If I had the following data:
+---------------+---------------------+---------------------+----------+--------------+
| email | date_opened | order_date | order_id | product_name |
+---------------+---------------------+---------------------+----------+--------------+
| abc@email.com | 2019-01-01 10:20:12 | 2019-01-03 09:21:43 | 1234 | xyz |
+---------------+---------------------+---------------------+----------+--------------+
| abc@email.com | 2019-01-01 10:45:09 | 2019-01-03 09:21:43 | 1234 | xyz |
+---------------+---------------------+---------------------+----------+--------------+
| def@email.com | 2019-02-11 08:13:46 | NaN | NaN | NaN |
+---------------+---------------------+---------------------+----------+--------------+
| def@email.com | 2019-02-11 08:15:20 | NaN | NaN | NaN |
+---------------+---------------------+---------------------+----------+--------------+
| def@email.com | 2019-02-11 08:24:43 | NaN | NaN | NaN |
+---------------+---------------------+---------------------+----------+--------------+
| def@email.com | 2019-02-12 00:39:21 | NaN | NaN | NaN |
+---------------+---------------------+---------------------+----------+--------------+
| ghi@email.com | 2018-08-09 01:24:54 | 2018-08-10 11:12:14 | 5678 | zyx |
+---------------+---------------------+---------------------+----------+--------------+
| ghi@email.com | 2018-08-10 15:22:34 | 2018-08-10 11:12:14 | 5678 | zyx |
+---------------+---------------------+---------------------+----------+--------------+
| ghi@email.com | 2018-08-10 00:12:14 | 2018-08-10 11:12:14 | 5678 | zyx |
+---------------+---------------------+---------------------+----------+--------------+
| ... | ... | ... | ... | ... |
+---------------+---------------------+---------------------+----------+--------------+
How would I keep a single order_date
, order_id
, product_name
against the earliest or minimum date_opened
per email
, and replace all other duplicate order_date
, order_id
and product_names
as NaN
s?
Code:
import pandas as pd
import numpy as np
import psycopg2
import pyodbc
dwh_conn = psycopg2.connect(...)
dm_query = ...
dm = pd.read_sql(dm_query, dwh_conn, parse_dates='date_opened', index_col='email')
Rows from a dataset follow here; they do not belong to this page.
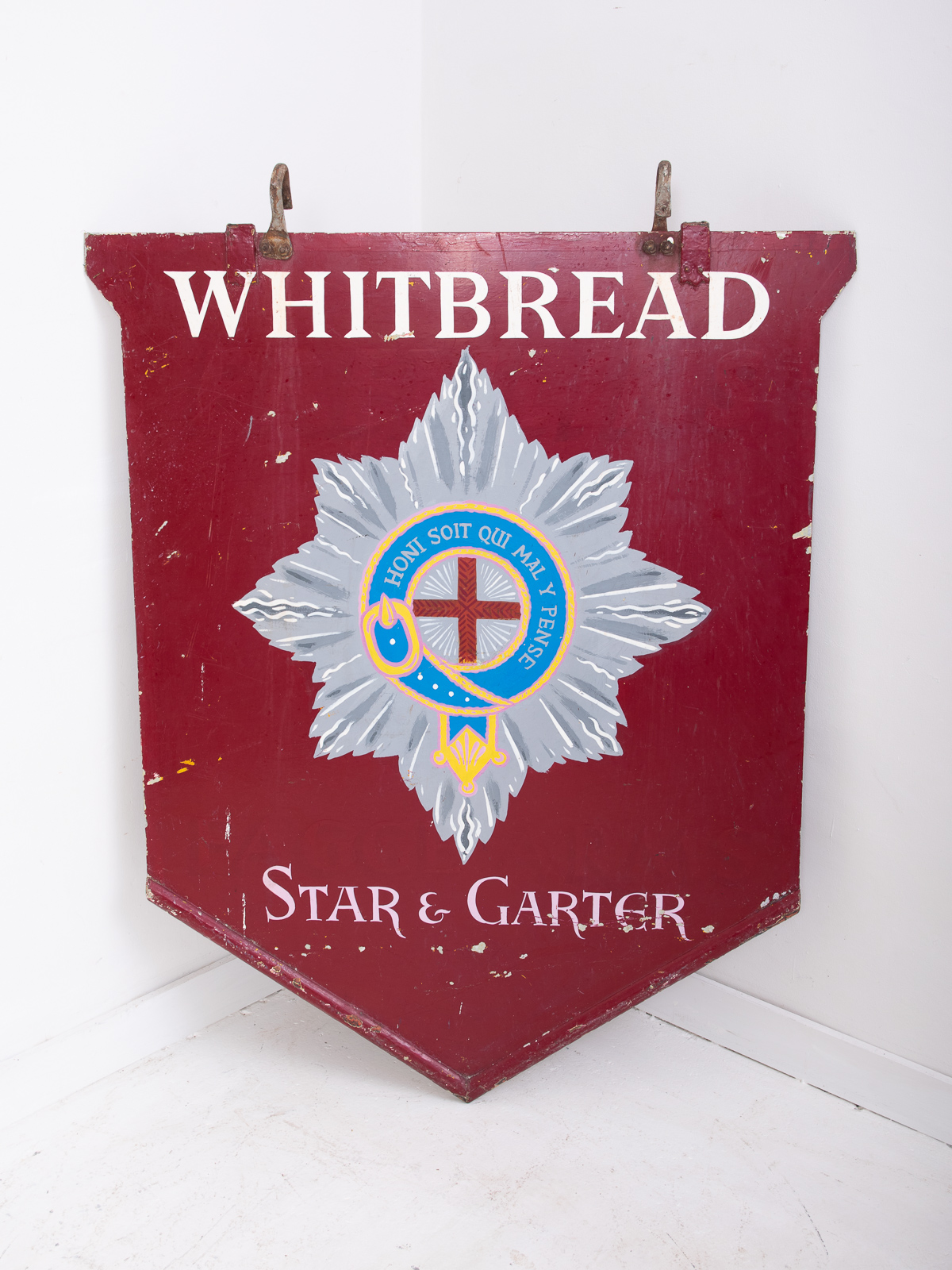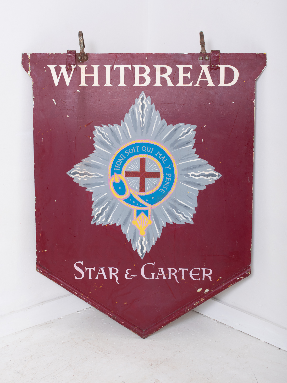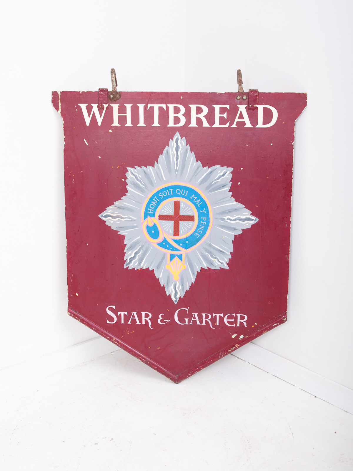An original metal hand painted pub sign manufactured around the 1940’s reclaimed from the Star & Garter public house in Deal, Kent. The building is now a private residence. Lovely authentic wear and patination to the paintwork.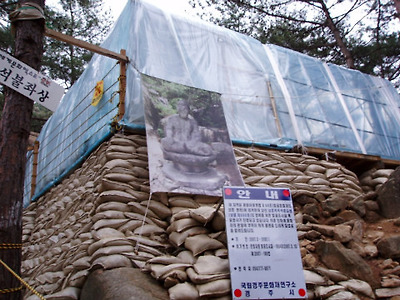 석조여래좌상을 현재 보수하고 있는 곳과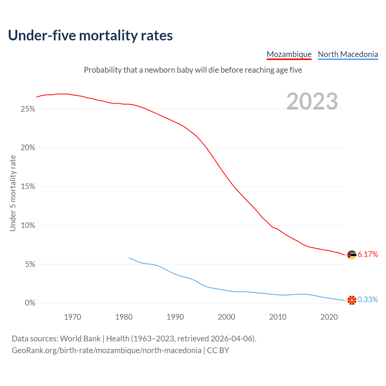 The chance that a newborn baby will die before reaching age five is 6.17% in Mozambique and 0.33% in North Macedonia. Above is a chart with historical data on under-five mortality rates.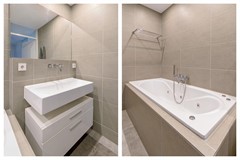 Royale, lichte overloop. 3 slaapkamers, respectievelijk “17,4”, “8”en “7,2” m2. Één slaapkamer aan de voorzijde beschikt nog over een balkon. Grote, luxe badkamer met Jacuzzi, inloopdouche (afsluitbaar met glazen deur) met stortdouche, mechanische ventilatie, zwevend toilet, badkamermeubel met wastafel, spiegel (2026), designradiator en inbouwverlichting.

dfdev_conn = pyodbc.connect(...)
bkgs_query = ...
bkgs = pd.read_sql(bkgs_query, dfdev_conn, parse_dates='order_date', index_col='email')
dm_bkgs = pd.merge(dm, bkgs, how='left', left_index=True, right_index=True)
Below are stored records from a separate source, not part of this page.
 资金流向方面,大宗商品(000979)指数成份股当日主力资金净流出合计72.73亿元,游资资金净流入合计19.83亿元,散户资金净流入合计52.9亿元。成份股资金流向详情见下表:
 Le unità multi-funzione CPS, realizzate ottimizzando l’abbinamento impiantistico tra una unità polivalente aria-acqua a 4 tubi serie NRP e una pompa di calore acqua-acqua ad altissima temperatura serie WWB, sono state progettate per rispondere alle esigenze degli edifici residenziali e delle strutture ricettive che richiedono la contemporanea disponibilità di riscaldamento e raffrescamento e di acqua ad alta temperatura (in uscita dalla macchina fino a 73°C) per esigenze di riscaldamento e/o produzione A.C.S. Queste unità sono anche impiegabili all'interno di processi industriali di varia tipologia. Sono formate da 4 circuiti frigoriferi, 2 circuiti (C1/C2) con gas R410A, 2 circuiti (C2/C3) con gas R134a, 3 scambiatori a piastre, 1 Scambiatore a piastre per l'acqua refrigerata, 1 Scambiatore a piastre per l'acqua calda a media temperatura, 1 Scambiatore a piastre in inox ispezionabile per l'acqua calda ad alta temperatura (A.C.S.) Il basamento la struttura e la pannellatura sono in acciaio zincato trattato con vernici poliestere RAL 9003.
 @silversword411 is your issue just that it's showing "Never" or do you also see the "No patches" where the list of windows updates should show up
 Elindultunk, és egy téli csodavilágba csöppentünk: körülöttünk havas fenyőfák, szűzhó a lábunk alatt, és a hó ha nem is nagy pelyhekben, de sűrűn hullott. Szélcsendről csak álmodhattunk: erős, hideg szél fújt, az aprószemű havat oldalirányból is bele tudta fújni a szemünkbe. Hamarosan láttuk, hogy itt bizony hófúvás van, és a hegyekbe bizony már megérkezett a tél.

dm_bkgs['diff_days'] = dm_bkgs['date_opened'] - dm_bkgs['order_date']
dm_bkgs['diff_days'] = dm_bkgs['diff_days']/np.timedelta64(1,'D')
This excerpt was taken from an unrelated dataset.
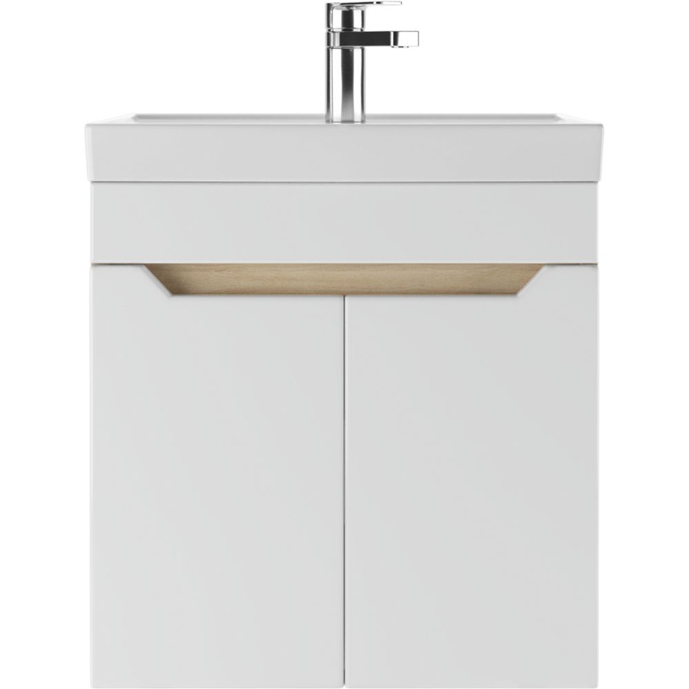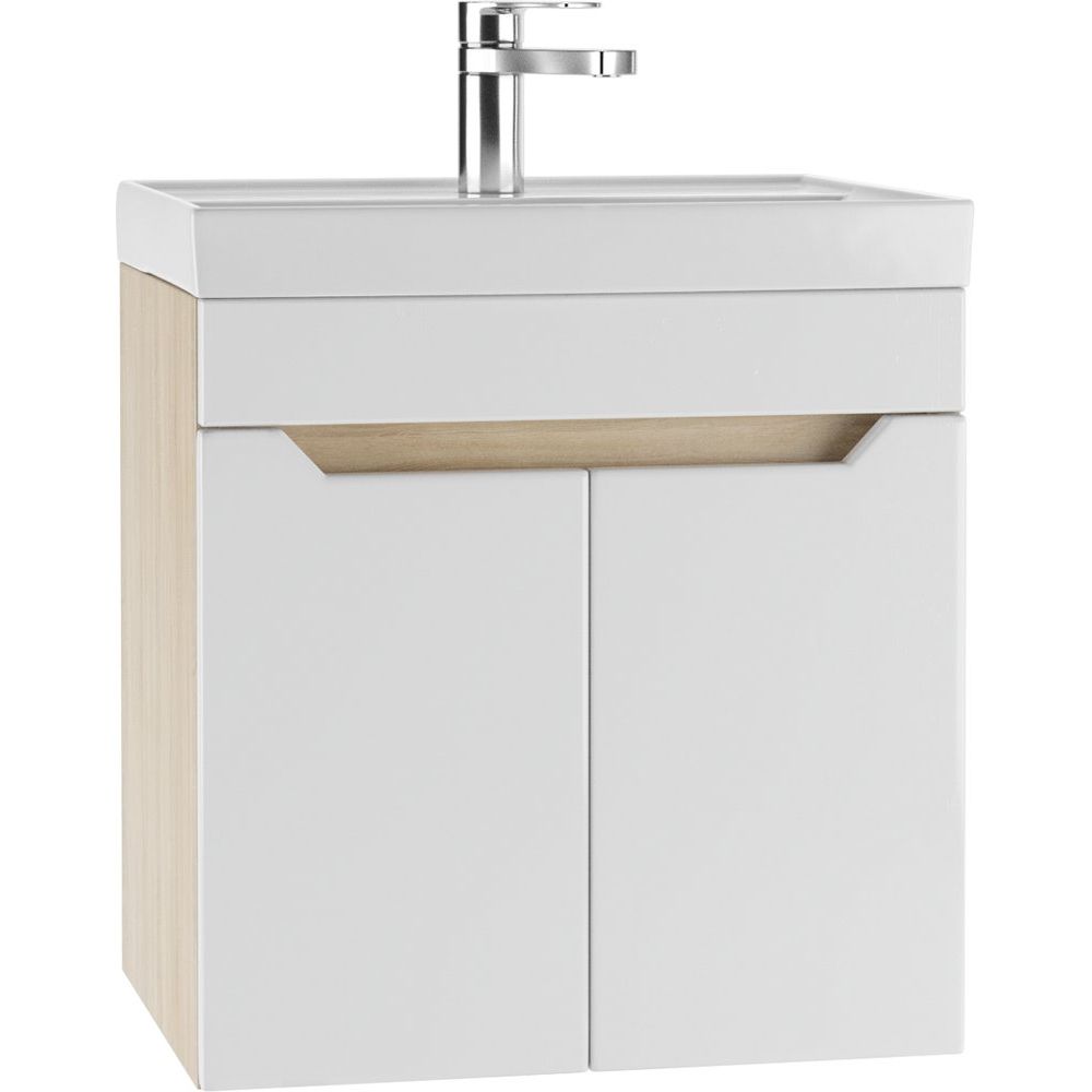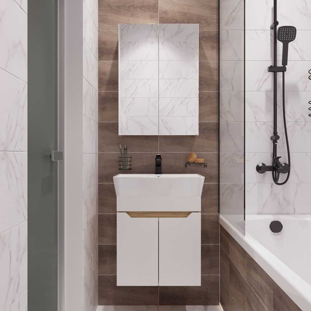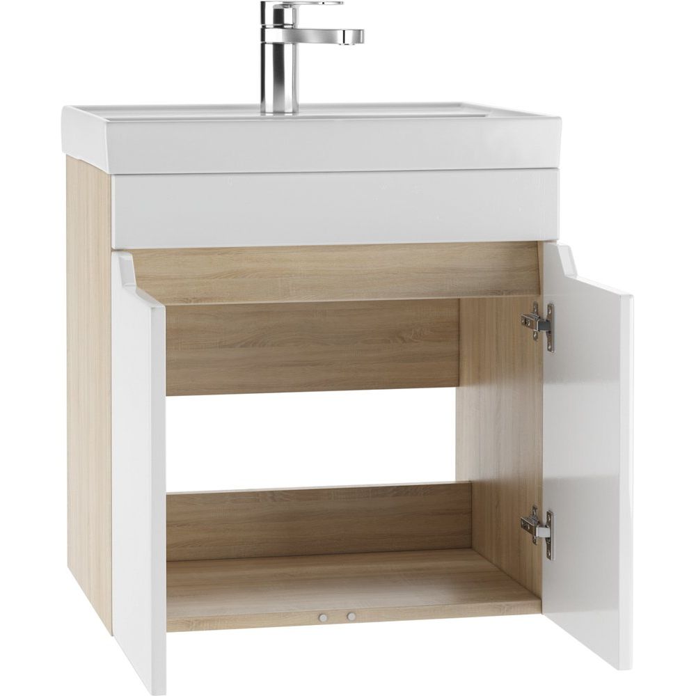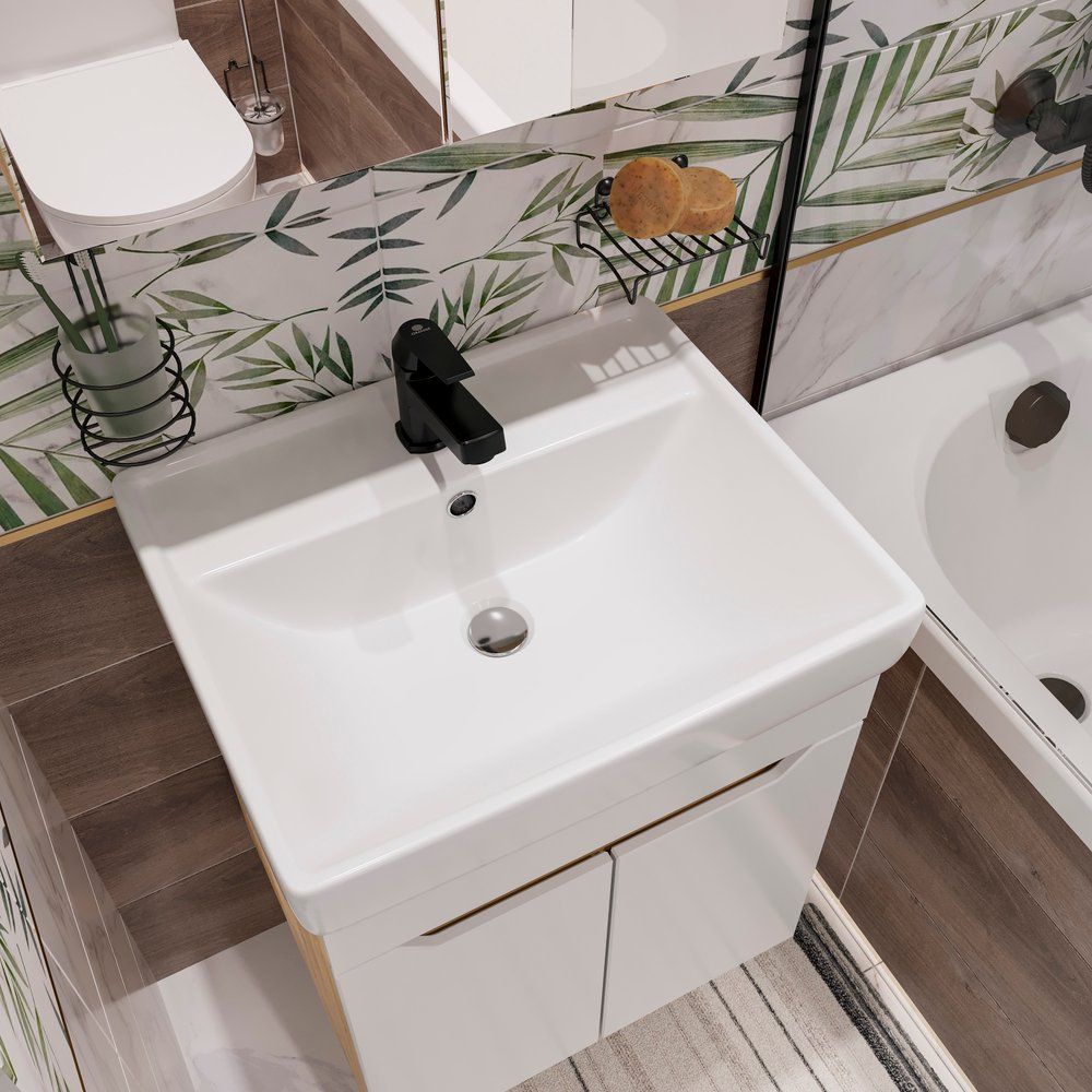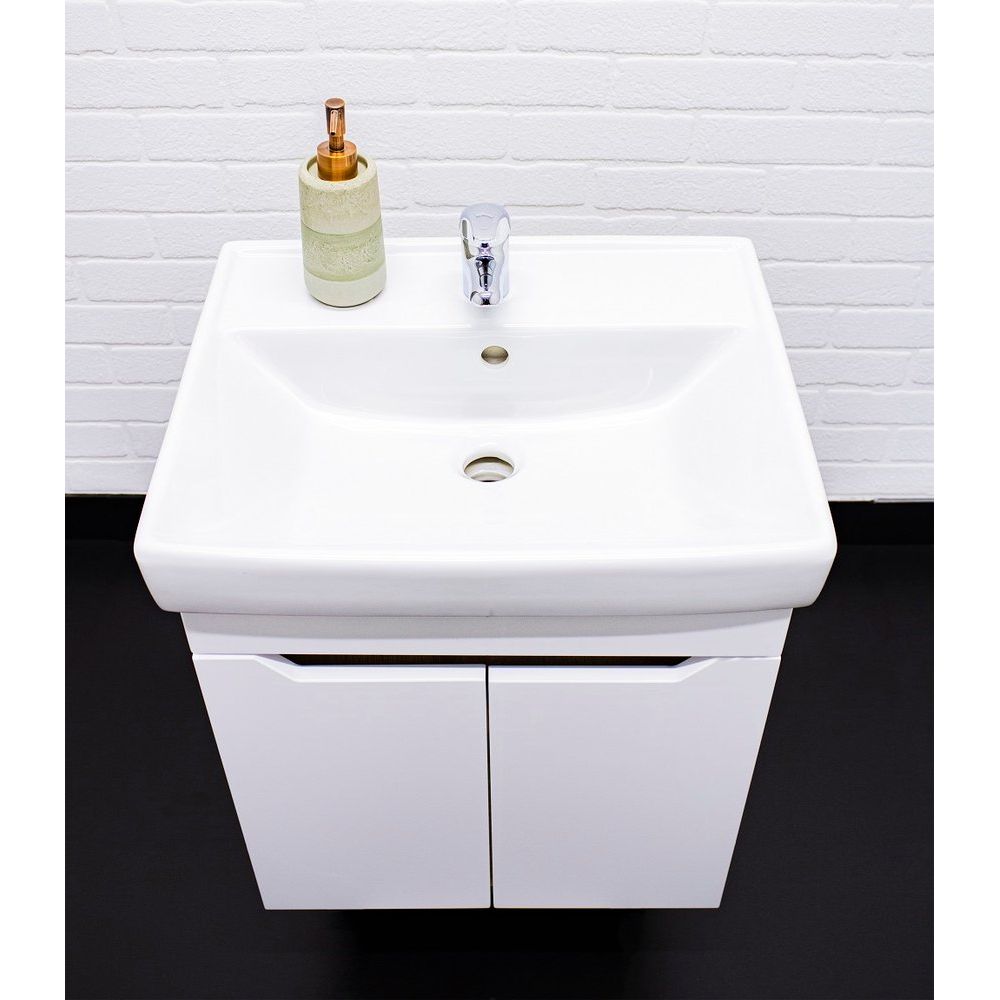 Комплект включает в себя подвесную тумбу DIWO Архангельск 50, выполненную с использованием ЛДСП и МДФ с пленкой, что обеспечивает долговечность и современный вид. Благодаря механизму доводчика дверки закрываются плавно и почти бесшумно. Тумба имеет габариты 47x38,4x50 см.

dm_bkgs.index.name = 'email'
dm_bkgs.sort_values(by=['email','diff_days'], inplace=True)
dm_bkgs['order_date'] = np.where(dm_bkgs.duplicated('order_id'), np.NaN, dm_bkgs['order_id'])
dm_bkgs['product_name'] = np.where(dm_bkgs.duplicated('order_id'), np.NaN, dm_bkgs['order_id'])
dm_bkgs['diff_days'] = np.where(dm_bkgs.duplicated('order_id'), np.NaN, dm_bkgs['booking_id'])
dm_bkgs['order_id'] = np.where(dm_bkgs.duplicated('order_id'), np.NaN, dm_bkgs['order_id'])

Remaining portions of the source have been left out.